A fuller picture of the device

7.0 records a far richer set of system events and continuous traces than before, so every report carries the surrounding context — not just what your app was doing, but what the device was doing around it.

System events capture discrete moments: activity lifecycle, configuration changes (orientation, locale, screen size), keyboard and IME state, input-device connect and disconnect, clipboard changes, memory-trim warnings, and foreground/background transitions. Continuous traces sample the environment over time: connectivity (Wi-Fi, cellular, Bluetooth, NFC), CPU and thermal state, RAM and process memory, frame rate, display state, screen brightness and orientation, power and charging, storage, and UI mode.

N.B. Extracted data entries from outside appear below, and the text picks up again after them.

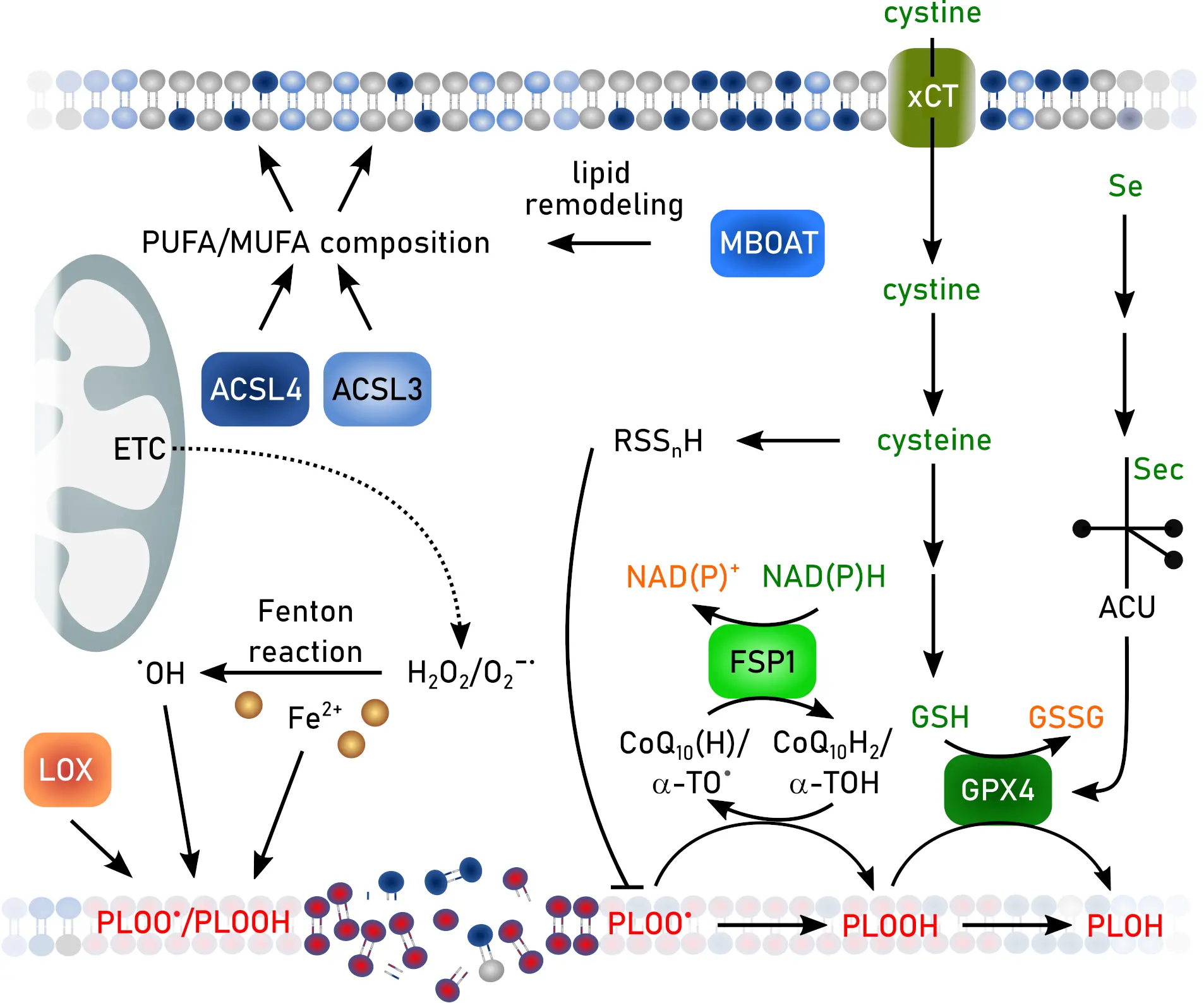 Ferroptosis sensitivity is strongly influenced by the fatty acid composition of phospholipids. Acyl-CoA synthetase long-chain family member 4 (ACSL4) preferentially activates polyunsaturated fatty acids such as arachidonic and adrenic acids, forming acyl-CoA derivatives that are incorporated into phosphatidylethanolamine (PE) by membrane-bound O-acyltransferases (MBOATs)[84,85]. These PUFA-PE species are particularly vulnerable to peroxidation and act as key executioner lipids in ferroptosis. Cells lacking ACSL4 or MBOAT1/2 exhibit decreased levels of PUFA-phospholipids and display marked resistance to ferroptosis. Thus, ACSL4 and MBOAT enzymes define a lipid metabolic landscape that determines whether a cell is predisposed to ferroptotic cell death.
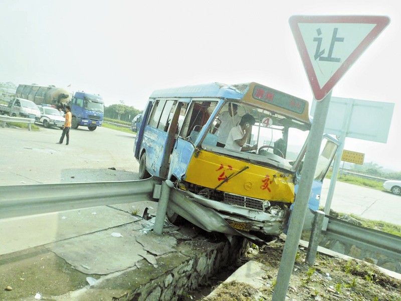 据货车司机描述,他开的是空车,从漳浦过来,在高速出口处与正在行驶的公交车相撞。公交车司机施师傅描述,当时他开车行驶在漳华路上,突然看见前面一部货车从高速出口出来,他赶紧刹车,但还是和货车撞上了。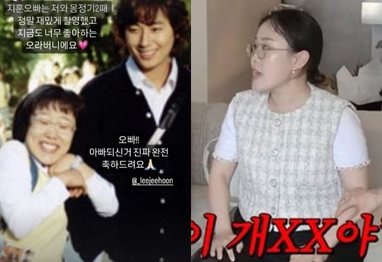 박슬기는 '몽정기' 때 이지훈과 찍은 사진과 함께 "오빠, 아빠 되신 거 진짜 완전 축하드려요"라는 글도 덧붙였다.
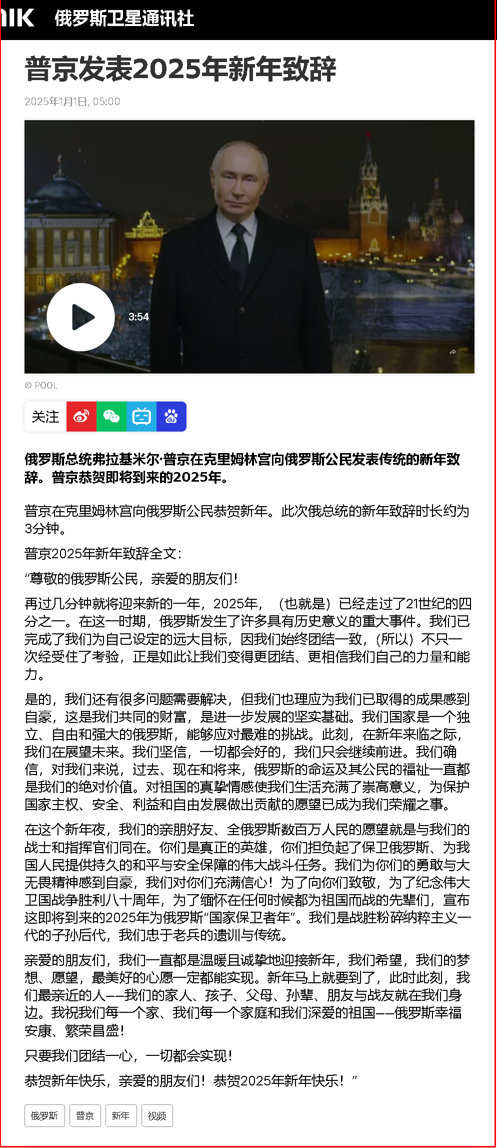 俄羅斯總統(tǒng)普京2025年新年致辭,向全世界發(fā)出一個(gè)強(qiáng)烈信號(hào)——那就是開創(chuàng)人類社會(huì)公平正義的新世界!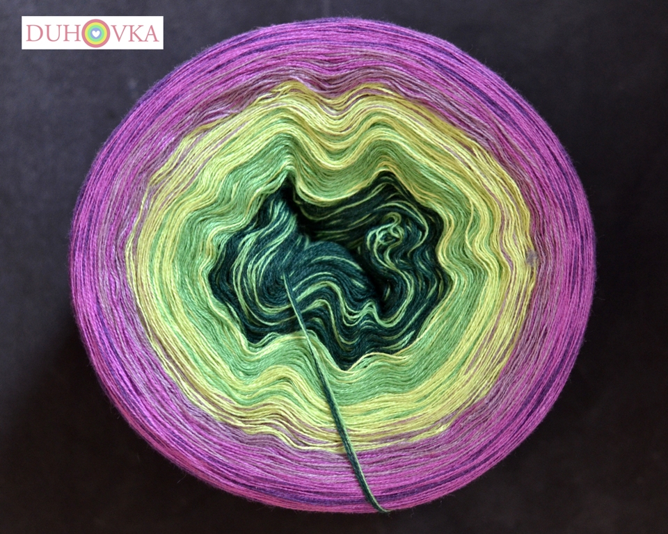 Duhovka je jemná směsová příze s postupnými barevnými přechody.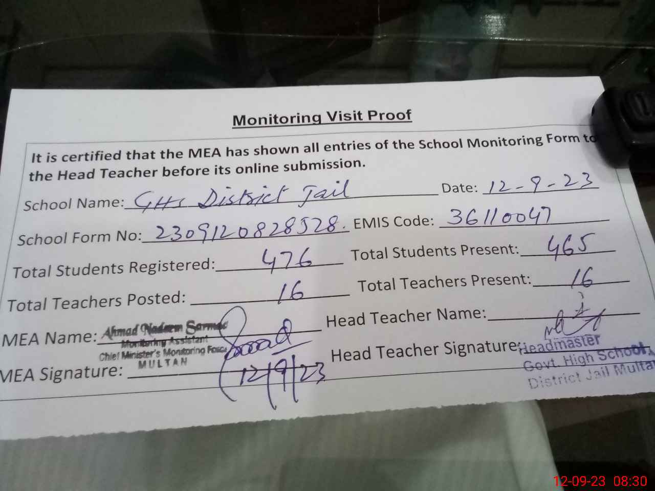 | EMIS Code: 36110047 | Name of School: GHS DISTRICT JAIL MULTAN | |||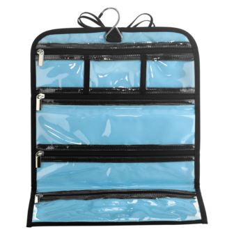 This six-pocket jewelry roll folds flat or rolls up to pack into a suitcase or carry-on. The clear, zippered pockets fit large and small items, from thick necklaces to tiny studs, protecting them from scratches and loss. The hanger hook lets you suspend your collection from doors and mirrors for easy visibility and access.
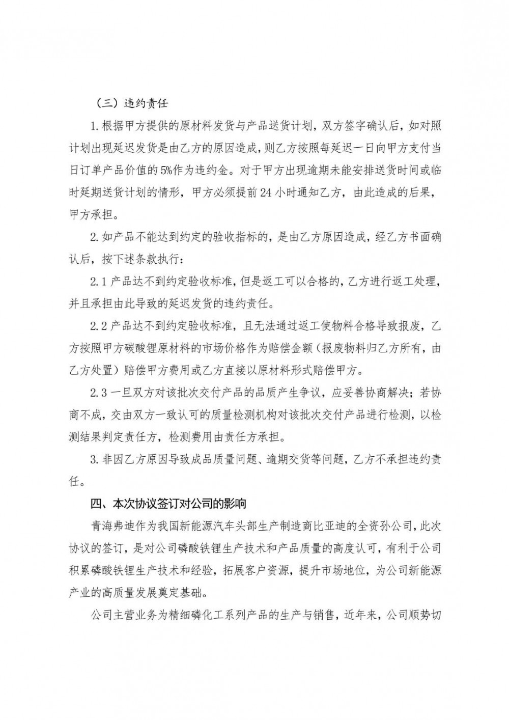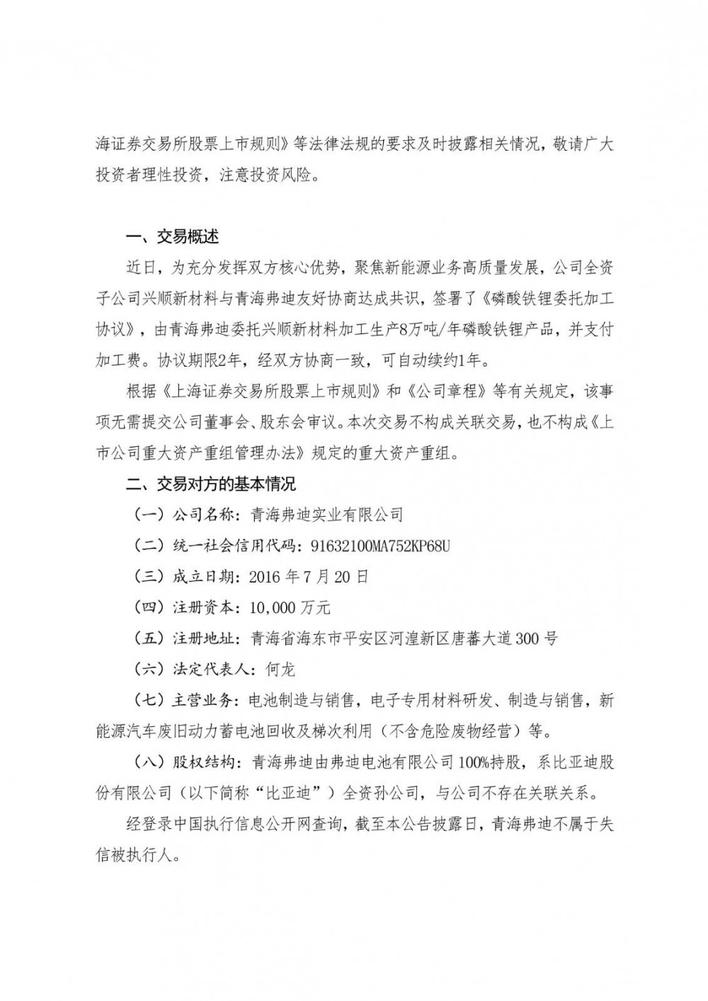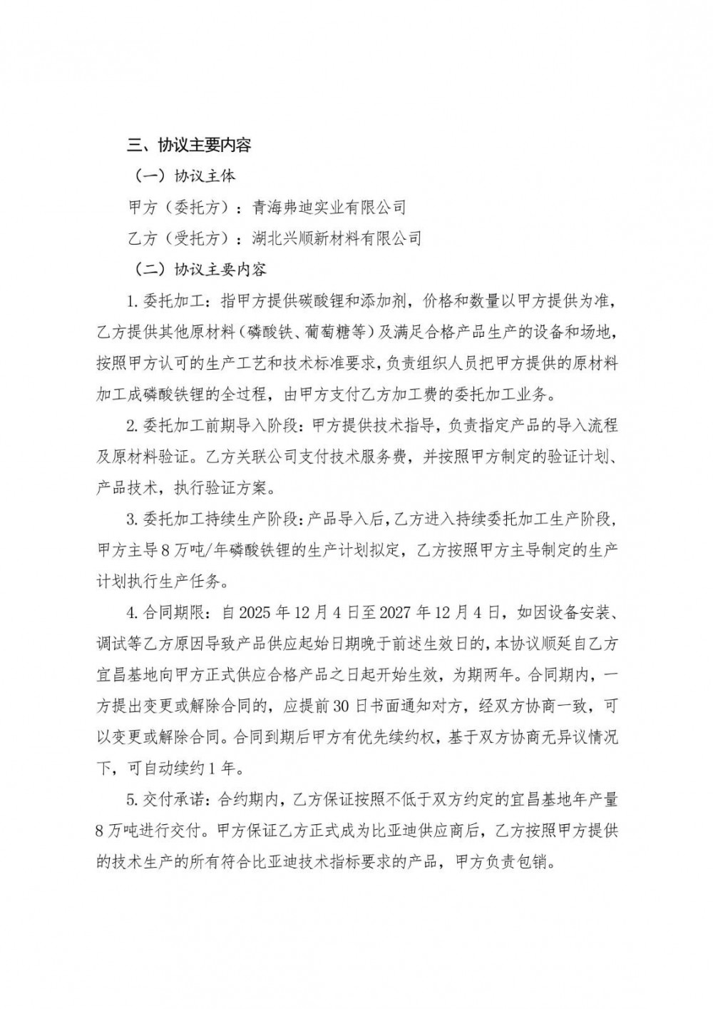 12月4日,兴发集团发布公告称,公司全资子公司湖北兴顺新材料有限公司与青海弗迪实业有限公司签署《磷酸铁锂委托加工协议》,由青海弗迪委托兴顺新材料加工生产8万吨/年磷酸铁锂产品,并支付加工费。协议期限2年,经双方协商一致,可自动续约1年。

Breadcrumbs (experimental)

New in 7.0 — and currently experimental — breadcrumbs let you annotate the session timeline with your own structured events: navigation steps, feature-flag states, business checkpoints, or any signal that helps reconstruct what led to a bug. They sit alongside the SDK's built-in system events, carry arbitrary additional data, and can be filtered or redacted before they are recorded. We will keep refining the API as it stabilizes.

A new Gradle plugin, and zero-setup initialization

7.0 introduces a dedicated Bugsee Gradle plugin that brings integration friction close to zero. It auto-adds the SDK and the optional modules you enable, and it instruments your app at build time to improve both the quality and the quantity of captured data — wiring up performance monitoring, log capture, network interception, and Compose privacy controls without hand-written glue code.

The SDK also initializes itself automatically at process start through a ContentProvider, before any of your code runs. There is no init call in Application.onCreate(), which means crashes during early startup are covered and there is nothing to forget. Manual initialization remains available if you need to defer or customize it.

Lighter, by design

For all the new capability, 7.0 is leaner than its predecessor. The rewrite was an opportunity to profile and remove inefficiencies accumulated over years, and to take real-time video encoding off the hot path — which also means dramatically less logcat noise during development. The net result is measurably lower CPU and memory use, and we publish the actual startup-overhead and memory figures for low- and high-end devices in the documentation so you can see the numbers for yourself.

A redesigned Feedback experience

The in-app feedback messenger — which lets your users chat directly with your team — has been rebuilt with a new, modern UI and now ships as its own optional module. Add it when you want it; leave it out when you do not.

Available now

Bugsee Android SDK 7.0 is generally available today. Integration guides, module references, the device-support overview, and the 6.x to 7.x migration guide are all in the Bugsee documentation.